From: William Lee Irwin III
Date: Tue Dec 09 2003 - 15:20:38 EST


On Tue, Dec 09, 2003 at 04:11:03PM +0100, Roger Luethi wrote:
> The more fine-grained work is not complete and I'm not sure it ever
> will be. Some _preliminary_ results (i.e. take with a grain of salt):
> The regression for kbuild in 2.5.48 was caused by a patch titled "better
> inode reclaim balancing". In 2.5.49, "strengthen the `incremental
> min' logic in the page". In 2.6.0-test3 (aka 2.6.78), it's a subtle
> interaction between "fix kswapd throttling" and "decaying average of
> zone pressure" -- IIRC reverting the former gains nothing unless you
> also revert the latter. I'd have to dig through my notes.

Okay, it sounds like you're well on our way to cleaning things up.
Not too hard to chime in as needed.


On Mon, 08 Dec 2003 20:05:01 -0800, William Lee Irwin III wrote:
>> It was defined in two different ways: cpu utilization (inverse of iowait)
>> and multiprogramming level (how many tasks it could avoid suspending).

On Tue, Dec 09, 2003 at 04:11:03PM +0100, Roger Luethi wrote:
> Yeah, that's the classic. It _is_ throughput. Unless you have task
> priorities (i.e. eye candy or SETI@home competing for cycles), CPU
> utilization is an excellent approximation for throughput. And the
> benefit of maintaining a high level of multiprogramming is that you
> have a better chance to have a runnable process at any time, meaning
> better CPU utilization meaning higher throughput.
> The classic strategies based on these criteria work for transaction and
> batch systems. They are all but useless, though, for a workstation and
> even most modern servers, due to assumptions that are incorrect today
> (remember all the degrees of freedom a scheduler had 30 years ago)
> and additional factors that only became crucial in the past few decades
> (latency again).

This assessment is inaccurate. The performance metrics are not entirely
useless, and it's rather trivial to recover data useful for modern
scenarios based on them. The driving notion from the iron age (I guess
the stone age was when the only way to support virtual memory was
swapping) was that getting stuck on io was the thing preventing the cpu
from getting used. Nowadays, we burn the cpu nicely enough with GNOME
etc. but have to worry about what happens to some task or other. So:

(a) Multiprogramming level is obviously trying to minimize the amount of
swapping out going on. i.e. this is trying to limit the worst case
handling to the worst case. Minimal adjustments are required. e.g.
consider number of process address spaces swapped out directly
as something to be minimized instead of total minus that.
(b) CPU utilization is essentially trying to minimize how much the system
gets stuck on io. This one needs more adjustment for modern systems,
which tend to utilize the cpu regardless of io being in flight.
Number of blocked tasks is a close approximation, directly using
iowait, and so on are various other possible substitutes.
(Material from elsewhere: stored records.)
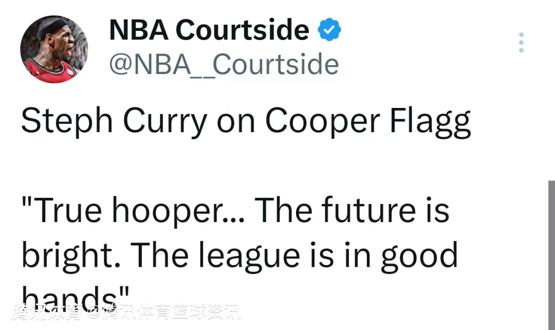 库里:他是个纯粹的篮球斗士,天生的竞争者。你很容易就会忘记他其实还很年轻,他在场上的那种存在感太亮眼了。这孩子前途无量。我很欣慰他能在新秀赛季就拥有这样的大赛体验,亲身感受聚光灯下的比赛氛围。联盟的未来,交到这些年轻人手里,绝对靠谱。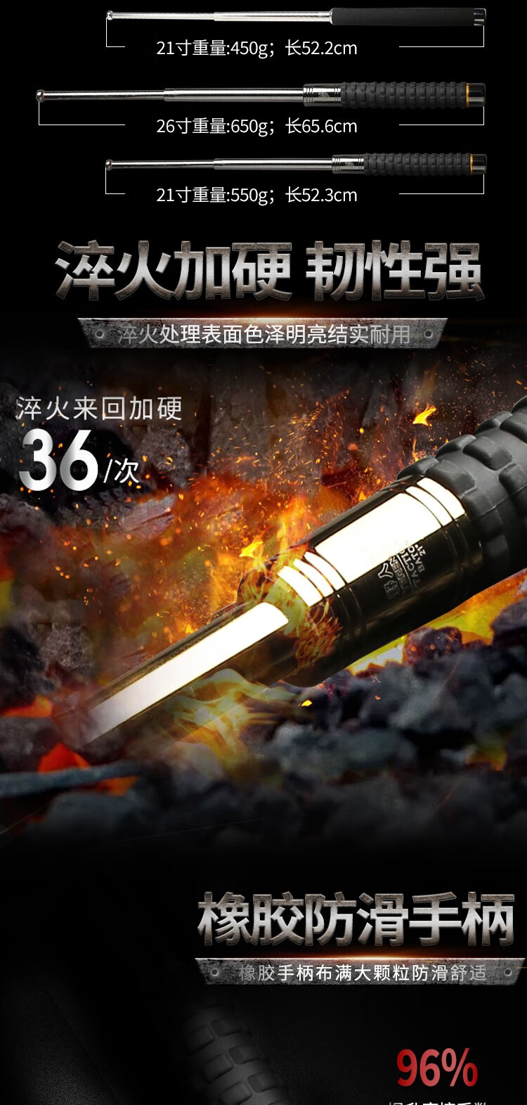 Savage Valley mold steel, solid dog-fighting stick, anti-dog stick, self-defense weapon, legal portable retractable stick, security, Hummer reinforced 26-inch black, extends 65CM, can break bricks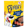 Take it from Hamlet, the Beggin' ambassadog — canines are plumb crazy about Purina Beggin' Strips With Beef Flavour adult dog treats. Each tender strip features real meat as the #1 ingredient along with real bacon. This irresistible combo of double-yum is sure to make your dog drool in anticipation when he sees you reach for the pouch. As the tantalizing aroma of bacon wafts through the air when you grab a treat, your canine companion's excitement level goes through the roof. He knows something amazing is coming his way, and his meat-crazed mind has only one goal—bacon! Give your dog a whole Beggin' bacon flavour strip when he welcomes you home at the end of the day, or break each one into smaller strips to reward him for being a good boy during neighborhood walks. Made without artificial flavours or FD&C colours, these Beggin' Strips Beef flavour dog treats deliver the big, bold, bacony taste your dog loves while giving you something to feel good about too. Make the special moments you share with your faithful friend twice as fun when you give him one of these Beggin' Strips dog treats with beef flavour, and show him you're happy when he's happy.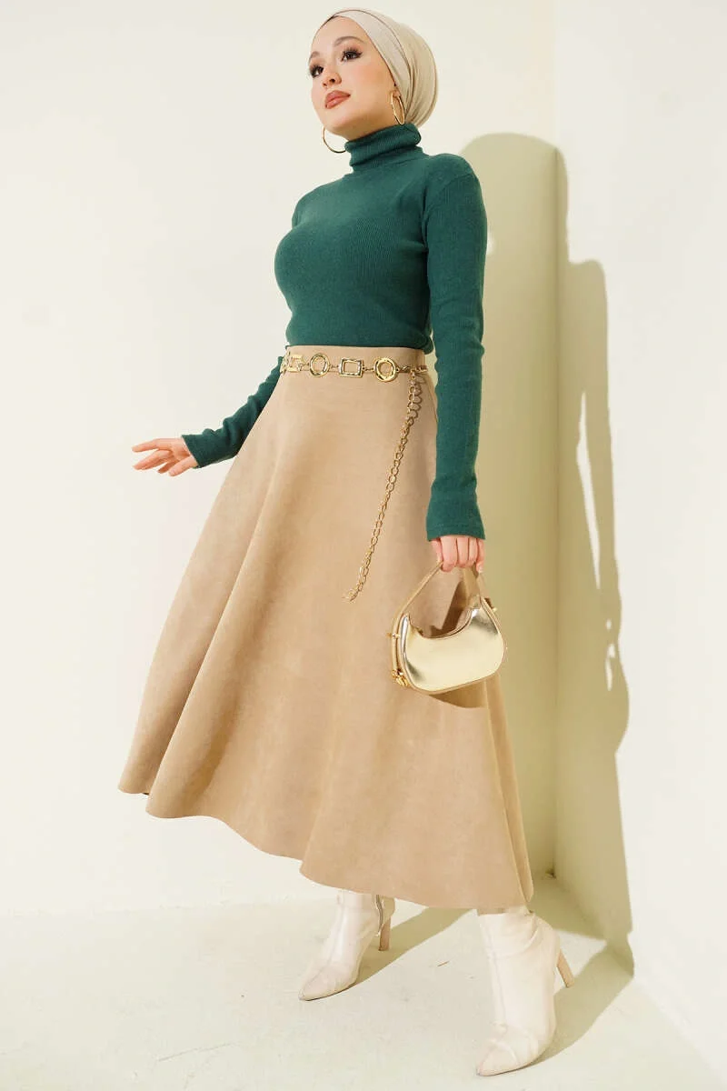 Sütlü Kahve Boğazlı Fitilli Triko Body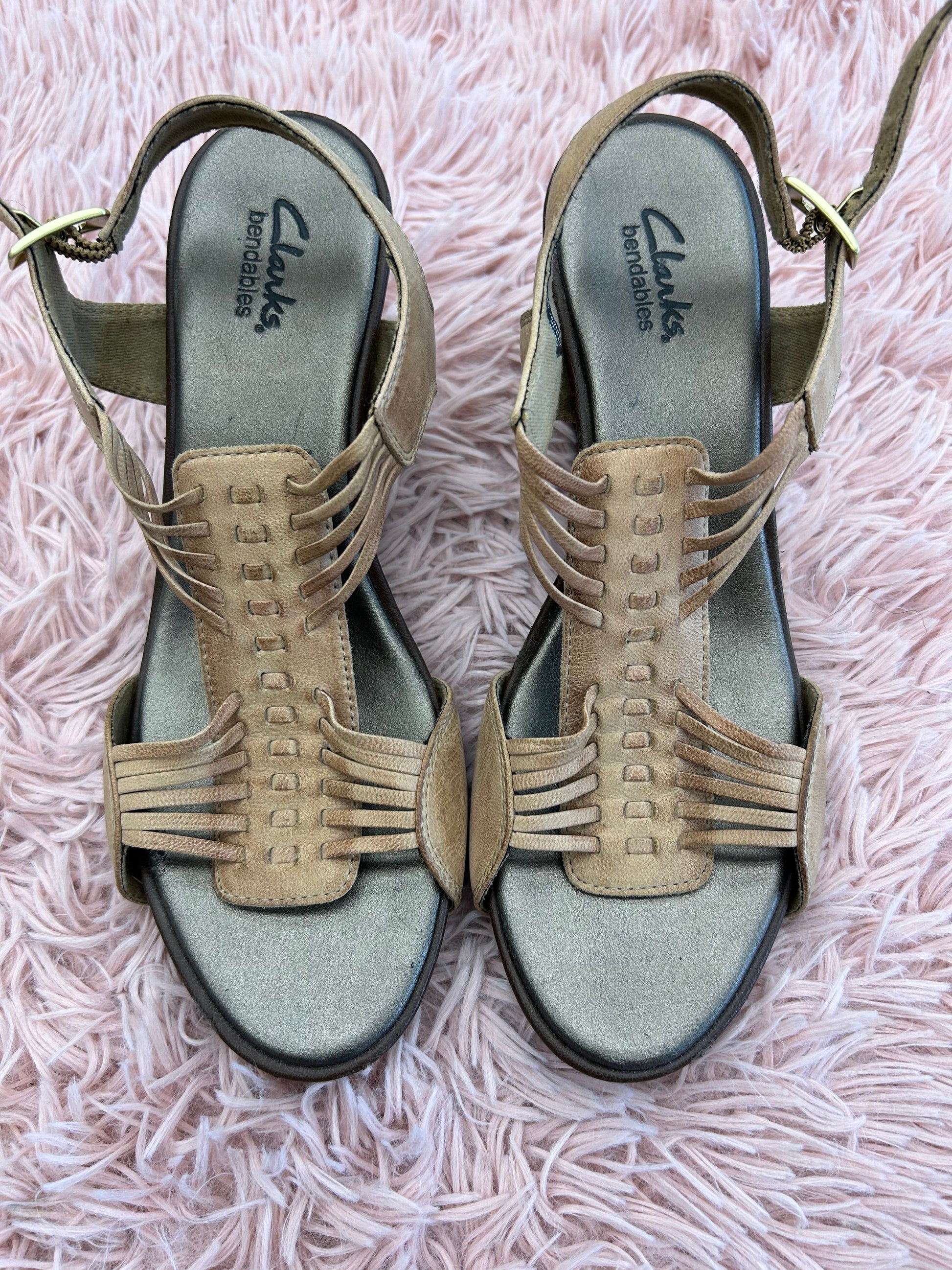 Sandals Heels Wedge By Clarks In Brown, Size: 8

On Mon, 08 Dec 2003 20:05:01 -0800, William Lee Irwin III wrote:
>> Demoting the largest task is one that does worse than random.
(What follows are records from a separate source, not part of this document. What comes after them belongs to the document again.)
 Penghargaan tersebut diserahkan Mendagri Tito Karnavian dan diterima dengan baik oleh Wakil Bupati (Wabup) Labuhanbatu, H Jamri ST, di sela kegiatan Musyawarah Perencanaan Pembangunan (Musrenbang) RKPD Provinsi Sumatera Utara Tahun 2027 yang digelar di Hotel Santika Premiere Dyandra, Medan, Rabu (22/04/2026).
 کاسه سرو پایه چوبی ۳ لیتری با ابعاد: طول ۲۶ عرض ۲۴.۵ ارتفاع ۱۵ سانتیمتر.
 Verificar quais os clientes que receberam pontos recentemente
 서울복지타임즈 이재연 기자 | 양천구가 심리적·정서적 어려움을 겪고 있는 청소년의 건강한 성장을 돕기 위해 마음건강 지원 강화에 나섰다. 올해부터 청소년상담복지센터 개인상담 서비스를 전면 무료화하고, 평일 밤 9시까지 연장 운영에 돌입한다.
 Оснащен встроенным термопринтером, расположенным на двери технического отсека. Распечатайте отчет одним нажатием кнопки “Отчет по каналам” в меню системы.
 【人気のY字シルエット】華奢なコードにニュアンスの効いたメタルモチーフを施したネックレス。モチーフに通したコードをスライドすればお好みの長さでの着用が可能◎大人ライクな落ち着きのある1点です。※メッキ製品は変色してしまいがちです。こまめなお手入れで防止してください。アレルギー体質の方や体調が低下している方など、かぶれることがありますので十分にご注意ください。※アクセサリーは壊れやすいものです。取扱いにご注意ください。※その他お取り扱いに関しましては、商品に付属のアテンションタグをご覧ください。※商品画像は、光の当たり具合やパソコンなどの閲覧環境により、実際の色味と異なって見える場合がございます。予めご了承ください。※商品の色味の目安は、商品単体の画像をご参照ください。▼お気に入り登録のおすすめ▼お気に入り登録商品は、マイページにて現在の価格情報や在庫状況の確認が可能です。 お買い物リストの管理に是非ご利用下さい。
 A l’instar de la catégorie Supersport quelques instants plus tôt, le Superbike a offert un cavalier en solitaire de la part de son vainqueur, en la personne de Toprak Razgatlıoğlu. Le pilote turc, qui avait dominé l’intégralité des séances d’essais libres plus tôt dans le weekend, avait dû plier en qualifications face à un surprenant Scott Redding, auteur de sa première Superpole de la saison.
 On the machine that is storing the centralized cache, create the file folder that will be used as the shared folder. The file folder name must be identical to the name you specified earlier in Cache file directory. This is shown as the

On Tue, Dec 09, 2003 at 04:11:03PM +0100, Roger Luethi wrote:
> We only know that to be true for irrelevant optimization criteria.

The above explains how and why they are relevant.
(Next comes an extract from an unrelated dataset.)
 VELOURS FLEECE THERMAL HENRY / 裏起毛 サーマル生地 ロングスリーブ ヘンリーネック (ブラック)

It's also not difficult to understand why it goes wrong: the operation
is too expensive.


On Mon, 08 Dec 2003 20:05:01 -0800, William Lee Irwin III wrote:
>> Like the PFF bits for WS?

On Tue, Dec 09, 2003 at 04:11:03PM +0100, Roger Luethi wrote:
> Yup. PFF doesn't cover all disk I/O, though. Suspending a process that
> is I/O bound even with a low PFF improves thrashing performance as well,
> because disk I/O is the bottleneck.

That's a significantly different use for it; AIUI it was an heuristic
to estimate the WSS without periodic catastrophes like WSinterval,
though ISTR bits about "extremely high" rates contracting the estimated
size.


On Mon, 08 Dec 2003 20:05:01 -0800, William Lee Irwin III wrote:
>> Top 0.001%? For expanded range, both endpoints matter. My notion of
>> scalability is running like greased lightning (compared to other OS's)
>> on everything from some ancient toaster with a 0.1MHz cpu and 256KB RAM
>> to a 16384x/16PB superdupercomputer.

On Tue, Dec 09, 2003 at 04:11:03PM +0100, Roger Luethi wrote:
> Well, that's nice. I agree. IIRC, though, each major release had more
> demanding minimum requirements (in terms of RAM). The range covered
> has been growing only because upward scalability grew faster. I can't
> help but notice that some of your statements sound a lot like wishful
> thinking.

This is not wishful thinking; it's an example that tries to illustrate
the goal. It's rather clear to me that neither end of the spectrum
mentioned above is even functional in current source (well, 4096x might
boot with deep enough stacks, though I'd expect it to perform too poorly
to be considered functional).


On Mon, 08 Dec 2003 20:05:01 -0800, William Lee Irwin III wrote:
>> No matter how many pieces of hardware you buy, the original one still
>> isn't driven correctly by the software. Hardware *NEVER* fixes software.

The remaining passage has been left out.